Abstract
Background:
Left ventricular (LV) twist is due to oppositely directed apical and basal rotation and has been proposed as a sensitive marker of LV function. We sought to assess the impact of chronic pure mitral regurgitation (MR) on the torsional mechanics of the left human ventricle using tissue Doppler imaging.
Methods:
Nineteen severe MR patients with a normal LV ejection fraction and 16 non-MR controls underwent conventional echocardiography and apical and basal short-axis color Doppler myocardial imaging (CDMI). LV rotation at the apical and basal short-axis levels was calculated from the averaged tangential velocities of the septal and lateral regions, corrected for the LV radius over time. LV twist was defined as the difference in LV rotation between the two levels, and the LV twist and twisting/untwisting rate profiles were analyzed throughout the cardiac cycle.
Results:
LV twist and LV torsion were significantly lower in the MR group than in the non-MR group (10.38° ± 4.04° vs. 13.95° ± 4.27°; p value = 0.020; and 1.29 ± 0.54 °/cm vs. 1.76 ± 0.56 °/cm; p value = 0.021, respectively), both suggesting incipient LV dysfunction in the MR group.

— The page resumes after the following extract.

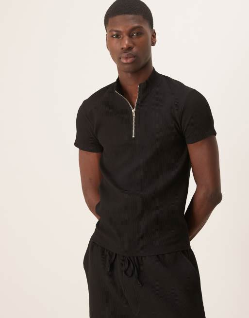 ASOS DESIGN – Kastiges, körperbetontes Plissee-T-Shirt in Schwarz mit Reißverschluss und Stehkragen, Kombiteil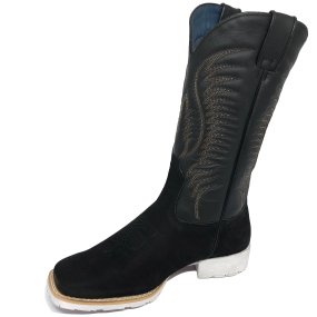 Bota de Couro Bovino Bufalado Preto - Cano Médio, Bico Quadrado, Solado Flex Comfort

Similarly, the untwisting rate was lower in the MR group (−79.74 ± 35.97 °/s vs.−110.96 ± 34.65 °/s; p value = 0.020), but there was statistically no significant difference in the LV twist rate.
Conclusion:
The evaluation of LV torsional parameters in MR patients with a normal LV ejection fraction suggests the potential role of these sensitive variables in assessing the early signs of ventricular dysfunction in asymptomatic patients.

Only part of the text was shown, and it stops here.